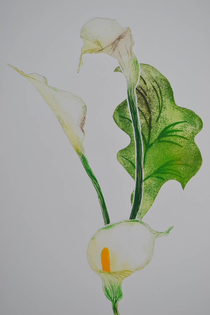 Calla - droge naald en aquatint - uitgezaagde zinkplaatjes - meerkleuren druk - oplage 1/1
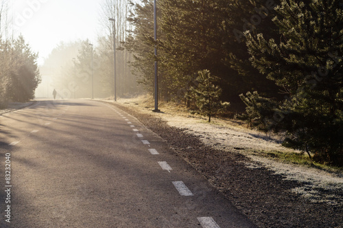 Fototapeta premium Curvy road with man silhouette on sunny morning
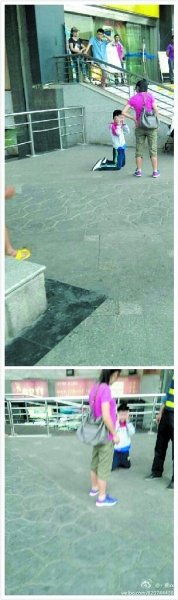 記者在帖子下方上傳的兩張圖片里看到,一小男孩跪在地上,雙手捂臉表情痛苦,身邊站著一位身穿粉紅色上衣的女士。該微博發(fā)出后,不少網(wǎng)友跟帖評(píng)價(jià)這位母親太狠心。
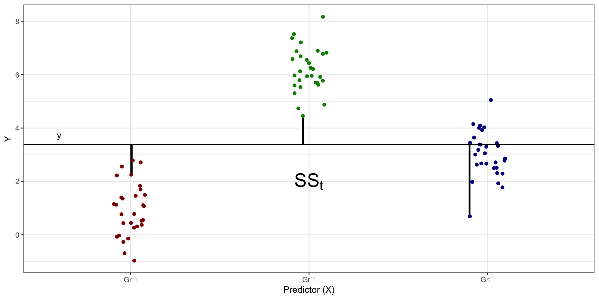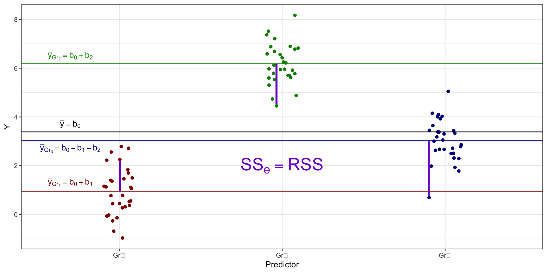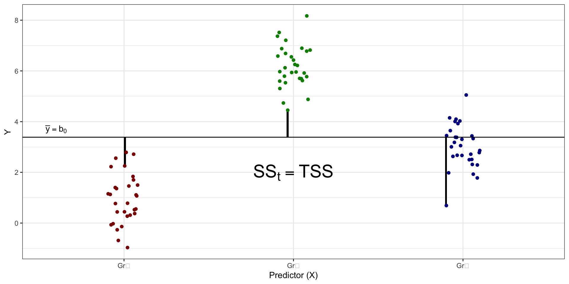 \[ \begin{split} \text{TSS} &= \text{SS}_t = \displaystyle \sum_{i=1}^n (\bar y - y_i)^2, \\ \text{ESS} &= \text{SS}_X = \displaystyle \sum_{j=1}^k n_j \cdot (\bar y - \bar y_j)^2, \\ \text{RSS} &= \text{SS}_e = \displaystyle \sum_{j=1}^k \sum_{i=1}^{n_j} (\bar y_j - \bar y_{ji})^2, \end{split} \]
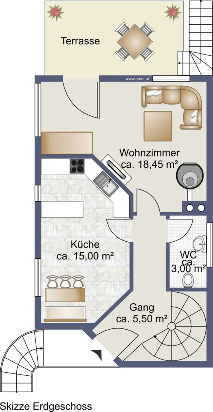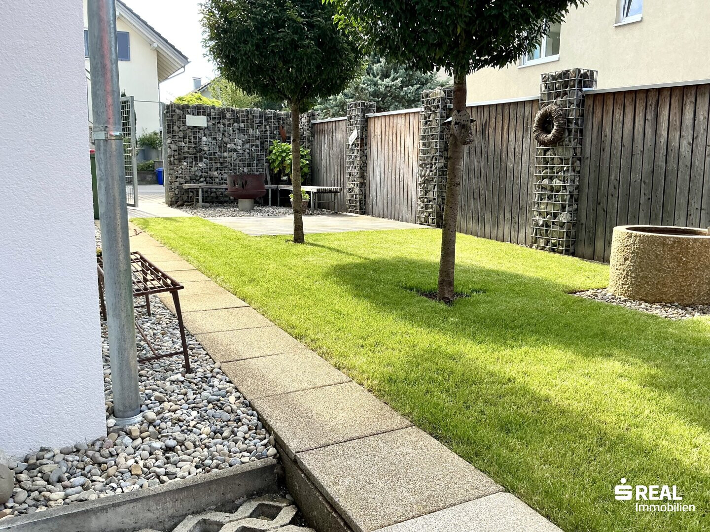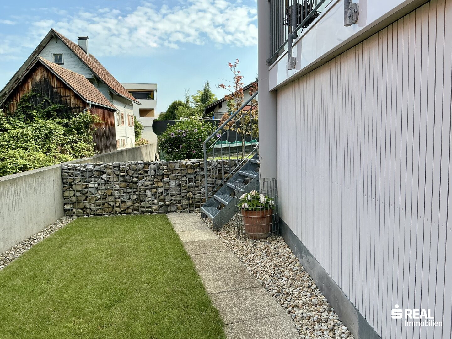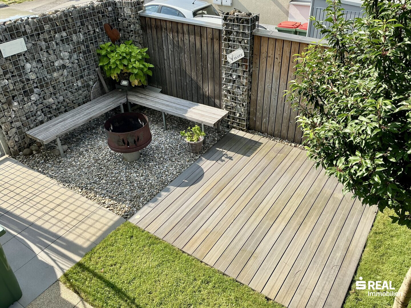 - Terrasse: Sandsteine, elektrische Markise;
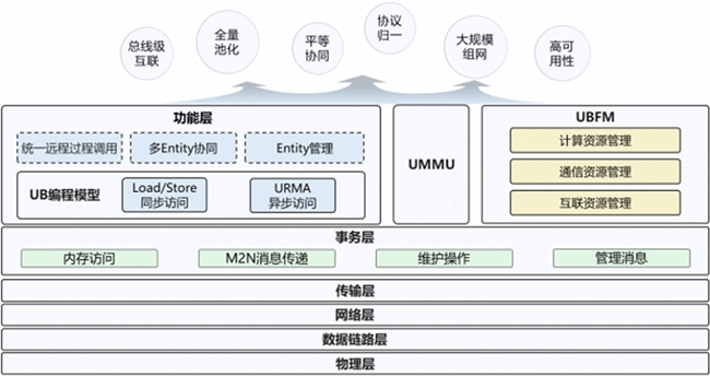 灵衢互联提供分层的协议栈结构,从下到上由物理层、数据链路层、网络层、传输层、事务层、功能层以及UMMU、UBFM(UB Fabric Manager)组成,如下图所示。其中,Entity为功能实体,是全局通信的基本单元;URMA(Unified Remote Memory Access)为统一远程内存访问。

=======

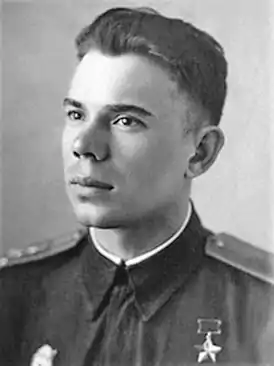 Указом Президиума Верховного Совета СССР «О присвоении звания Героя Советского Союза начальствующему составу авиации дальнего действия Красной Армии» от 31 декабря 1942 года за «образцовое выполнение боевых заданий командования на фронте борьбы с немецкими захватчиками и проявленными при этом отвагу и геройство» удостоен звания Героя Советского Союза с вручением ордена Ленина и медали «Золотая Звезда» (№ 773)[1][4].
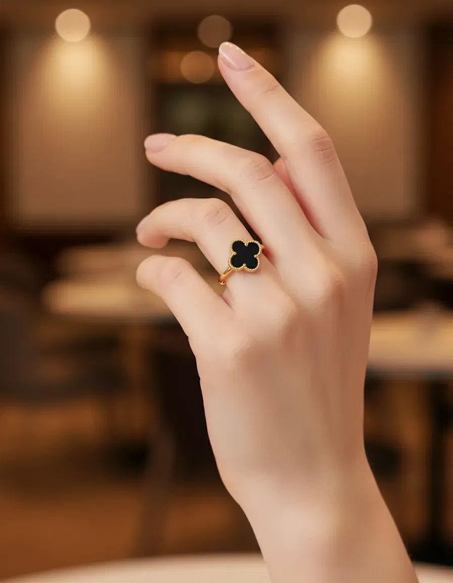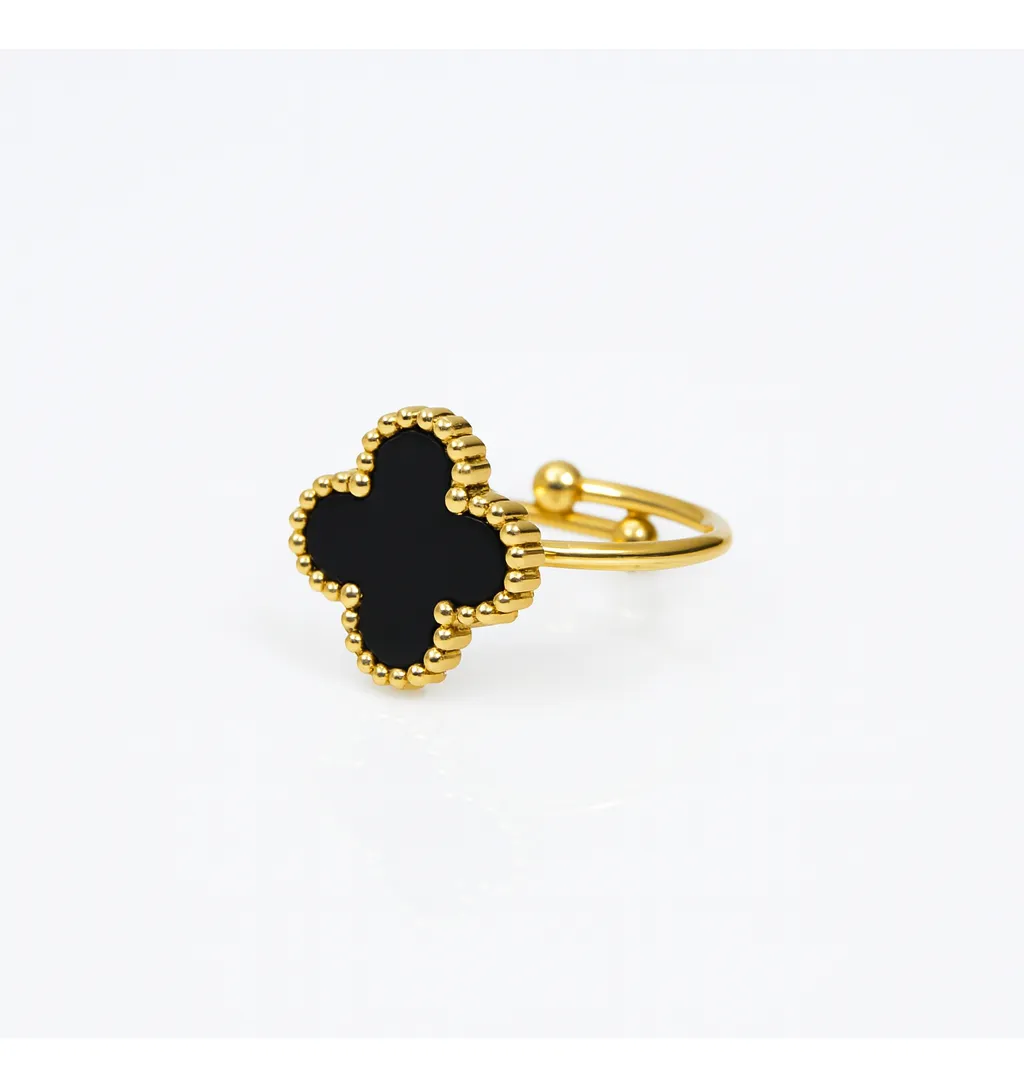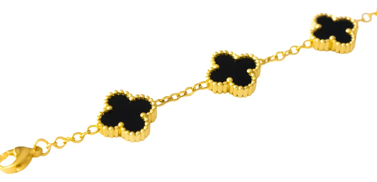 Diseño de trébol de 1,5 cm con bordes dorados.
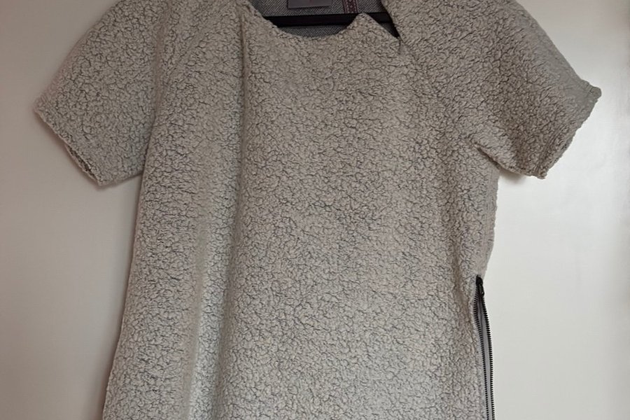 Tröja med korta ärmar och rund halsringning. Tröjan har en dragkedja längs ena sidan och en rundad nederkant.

=======

In the material above, which lines fall between the one holding "n_j \cdot (\bar" and the one holding "Remote Memory Access)为统一远程内存访问。", inclusive? Print exactly those, with the pictures left out.

* WRITTEN ANSWER *
 \[ \begin{split} \text{TSS} &= \text{SS}_t = \displaystyle \sum_{i=1}^n (\bar y - y_i)^2, \\ \text{ESS} &= \text{SS}_X = \displaystyle \sum_{j=1}^k n_j \cdot (\bar y - \bar y_j)^2, \\ \text{RSS} &= \text{SS}_e = \displaystyle \sum_{j=1}^k \sum_{i=1}^{n_j} (\bar y_j - \bar y_{ji})^2, \end{split} \]
 - Terrasse: Sandsteine, elektrische Markise;
 灵衢互联提供分层的协议栈结构,从下到上由物理层、数据链路层、网络层、传输层、事务层、功能层以及UMMU、UBFM(UB Fabric Manager)组成,如下图所示。其中,Entity为功能实体,是全局通信的基本单元;URMA(Unified Remote Memory Access)为统一远程内存访问。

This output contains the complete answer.